[Records from a data source]
- - -
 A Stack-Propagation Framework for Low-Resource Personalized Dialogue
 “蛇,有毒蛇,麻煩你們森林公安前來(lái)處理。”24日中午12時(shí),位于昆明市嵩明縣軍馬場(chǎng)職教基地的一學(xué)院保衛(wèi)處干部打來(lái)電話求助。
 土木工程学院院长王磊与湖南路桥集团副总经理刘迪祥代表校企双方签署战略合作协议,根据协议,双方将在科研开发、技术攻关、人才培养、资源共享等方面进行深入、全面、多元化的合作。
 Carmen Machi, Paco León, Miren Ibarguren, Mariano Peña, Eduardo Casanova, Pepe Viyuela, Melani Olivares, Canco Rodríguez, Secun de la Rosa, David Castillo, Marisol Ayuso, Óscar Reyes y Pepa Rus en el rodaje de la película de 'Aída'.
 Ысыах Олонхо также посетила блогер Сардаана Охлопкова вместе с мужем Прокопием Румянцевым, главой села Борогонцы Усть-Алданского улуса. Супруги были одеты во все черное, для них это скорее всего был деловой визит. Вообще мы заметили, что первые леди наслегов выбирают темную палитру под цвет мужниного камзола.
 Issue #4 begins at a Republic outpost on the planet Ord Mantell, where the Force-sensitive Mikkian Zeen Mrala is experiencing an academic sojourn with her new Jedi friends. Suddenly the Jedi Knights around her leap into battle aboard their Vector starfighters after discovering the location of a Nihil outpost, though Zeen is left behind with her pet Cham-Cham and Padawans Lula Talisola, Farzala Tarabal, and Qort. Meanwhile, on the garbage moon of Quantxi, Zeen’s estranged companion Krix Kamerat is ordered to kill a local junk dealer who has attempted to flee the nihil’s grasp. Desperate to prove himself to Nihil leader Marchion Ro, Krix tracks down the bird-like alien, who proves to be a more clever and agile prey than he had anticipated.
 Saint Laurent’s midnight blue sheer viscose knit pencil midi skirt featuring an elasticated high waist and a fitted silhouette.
- - -
Give the entries once more, exactly as they appear.

 A Stack-Propagation Framework for Low-Resource Personalized Dialogue
 “蛇,有毒蛇,麻煩你們森林公安前來(lái)處理。”24日中午12時(shí),位于昆明市嵩明縣軍馬場(chǎng)職教基地的一學(xué)院保衛(wèi)處干部打來(lái)電話求助。
 土木工程学院院长王磊与湖南路桥集团副总经理刘迪祥代表校企双方签署战略合作协议,根据协议,双方将在科研开发、技术攻关、人才培养、资源共享等方面进行深入、全面、多元化的合作。
 Carmen Machi, Paco León, Miren Ibarguren, Mariano Peña, Eduardo Casanova, Pepe Viyuela, Melani Olivares, Canco Rodríguez, Secun de la Rosa, David Castillo, Marisol Ayuso, Óscar Reyes y Pepa Rus en el rodaje de la película de 'Aída'.
 Ысыах Олонхо также посетила блогер Сардаана Охлопкова вместе с мужем Прокопием Румянцевым, главой села Борогонцы Усть-Алданского улуса. Супруги были одеты во все черное, для них это скорее всего был деловой визит. Вообще мы заметили, что первые леди наслегов выбирают темную палитру под цвет мужниного камзола.
 Issue #4 begins at a Republic outpost on the planet Ord Mantell, where the Force-sensitive Mikkian Zeen Mrala is experiencing an academic sojourn with her new Jedi friends. Suddenly the Jedi Knights around her leap into battle aboard their Vector starfighters after discovering the location of a Nihil outpost, though Zeen is left behind with her pet Cham-Cham and Padawans Lula Talisola, Farzala Tarabal, and Qort. Meanwhile, on the garbage moon of Quantxi, Zeen’s estranged companion Krix Kamerat is ordered to kill a local junk dealer who has attempted to flee the nihil’s grasp. Desperate to prove himself to Nihil leader Marchion Ro, Krix tracks down the bird-like alien, who proves to be a more clever and agile prey than he had anticipated.
 Saint Laurent’s midnight blue sheer viscose knit pencil midi skirt featuring an elasticated high waist and a fitted silhouette.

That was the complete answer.